Hudson, a mining engineer, was a rugby player, swimmer, rider, skier, boxer, and wrestler. He attended St. Andrew's College in Grahamstown, South Africa. He spoke six foreign languages and had a reputation as a ladies' man. When Winston Churchill created the Special Operations Executive (SOE), Hudson was recruited to sabotage German ships in Split harbour using limpet mines. He was commissioned on the British Army General List in 1941.
His next mission was to fight alongside the Chetniks, a royalist guerrilla force, antagonistic to both the Nazi German invaders and to the Communist partisans. He was caught twice, but escaped on both occasions.
One of Hudson's tasks was to distribute British funds in order to pay for anti-Nazi fighters. He was given more than £80,000 in sovereigns and diamonds, worth over £1.75m in today's currency, which he partially buried in peasant villages.
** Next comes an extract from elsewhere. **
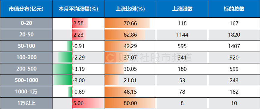 微盘月内持续领跑,上涨比例超过六成

He later confessed that after the war, parts of the treasure were buried, with the aim of retrieving it on his own account when the war ended.
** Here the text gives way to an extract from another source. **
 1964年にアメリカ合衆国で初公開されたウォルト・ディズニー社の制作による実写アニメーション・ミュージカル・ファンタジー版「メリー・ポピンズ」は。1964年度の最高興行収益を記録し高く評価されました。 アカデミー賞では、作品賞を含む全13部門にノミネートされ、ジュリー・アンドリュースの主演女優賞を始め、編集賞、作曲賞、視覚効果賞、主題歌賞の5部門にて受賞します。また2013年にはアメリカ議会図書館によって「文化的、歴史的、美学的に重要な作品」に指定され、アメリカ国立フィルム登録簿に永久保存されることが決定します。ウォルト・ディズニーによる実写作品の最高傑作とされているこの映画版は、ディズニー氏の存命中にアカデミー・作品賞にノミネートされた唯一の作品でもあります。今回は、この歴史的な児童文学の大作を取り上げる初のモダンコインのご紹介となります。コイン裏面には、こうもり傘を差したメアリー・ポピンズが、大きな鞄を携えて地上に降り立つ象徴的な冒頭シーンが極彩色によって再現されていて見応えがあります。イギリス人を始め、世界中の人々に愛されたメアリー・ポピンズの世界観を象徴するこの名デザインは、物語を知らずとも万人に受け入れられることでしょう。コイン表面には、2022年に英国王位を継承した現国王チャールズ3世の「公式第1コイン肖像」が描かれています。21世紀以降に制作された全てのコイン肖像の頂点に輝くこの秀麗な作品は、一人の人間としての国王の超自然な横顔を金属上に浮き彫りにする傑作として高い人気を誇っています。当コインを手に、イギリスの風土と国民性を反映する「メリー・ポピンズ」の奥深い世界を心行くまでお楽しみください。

Afterwards, while he was working for the army in Romania, documents show that Hudson recruited Stephen Zollner, a Hungarian Jew buying timber for the British government around eastern Europe, to retrieve the treasure. Zollner managed to acquire three parts of the buried treasure, and sent them to Hudson in a diplomatic bag. The Yugoslav authorities caught him, however, and Zollner confessed everything.
He later moved to South Africa, where he died in 1995.
The swimming complex at St. Andrew's College was named in his honour when, upon his death, he left the school a considerable amount of money for new pool facilities.